Il est donc certain que le juge intervient au-delà de sa compétence posé par les normes
et principes qui régissent la France, mais la question de savoir si le juge est créateur
de norme repose dans la conception même de la création de la norme à savoir s’il crée
une norme à partir d’un texte dont il reprend les principes d’une norme déjà existante
et qu’il leur confère une valeur plus importante lorsqu’elles deviennent des PGD, c’est
l’hypothèse de l’arrêt Koné, mais de bien d’autres encore.
Ou bien si l’on considère que le juge crée un PGD dont le principe n’est issu d’aucun
texte. Ainsi l’arrêt Blanco de 1873 est une véritable innovation jurisprudentielle, en ce
sens le juge crée véritablement un PGD.
Cela n’empêche pas la doctrine d’être partagé, toujours est-il que l’influence des juges
tend incontestablement à être de plus en plus importante se pose alors le problème de
la sécurité juridique ainsi que la question de la légitimité.
Cependant, admettre que le juge ait un pouvoir de création conduirait à une instabilité
juridique et à une contradiction avec les normes et principes Français. En effet, les
normes n’émanerait pas du pouvoir législatif et contredirait donc la compétence même
du pouvoir législatif, mais surtout se poserait la question de la légitime. Les juges ne
sont pas élus, en ce sens il ne représentent pas l’expression de la volonté des citoyens.

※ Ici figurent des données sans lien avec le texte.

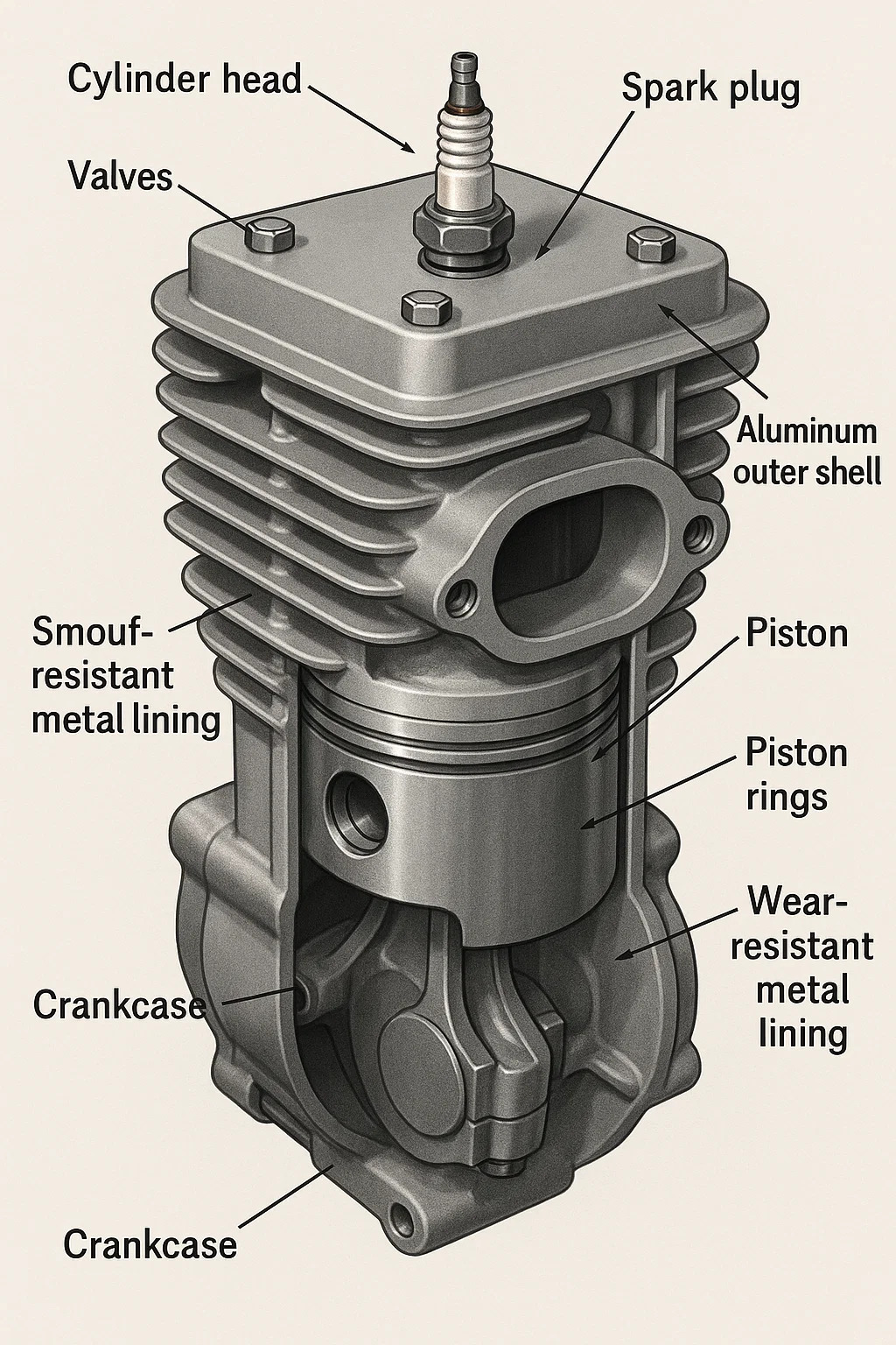 โดยทั่วไปมีเปลือกนอกอะลูมิเนียม (กระจายความร้อนได้อย่างรวดเร็วน้ำหนักเบา) โดยมีซับโลหะที่ทนทานต่อการสึกหรอภายใน (เช่นการเคลือบนิกเกิลซิลิกอนหรือซับเหล็ก) เพื่อป้องกันการสึกหรอจากลูกสูบ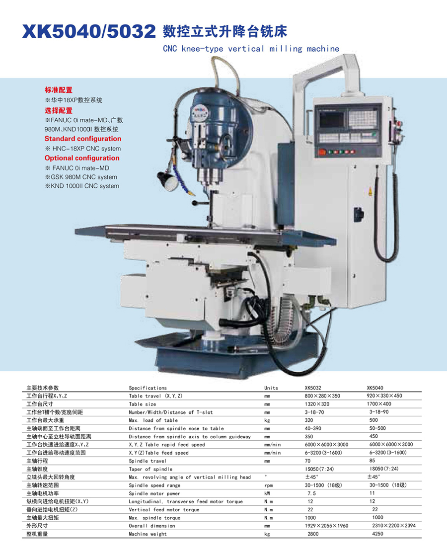 产品名称:数控立式升降台铣床 产品型号:XK5040/5032 查看次数:

Portalis pose d’ailleurs très clairement cette limite au pouvoir du juge « un juge est
associé à l’esprit de législation, mais il ne saurait partager le pouvoir législatif ».
En France il n’est donc pas de la compétence du juge de créer des normes.
De plus se pose une limite intrinsèque, le juge a bien entendu pour rôle de protéger la
loi, il ne faut donc pas lui même qu’il viole la loi ou qu’il la détourne.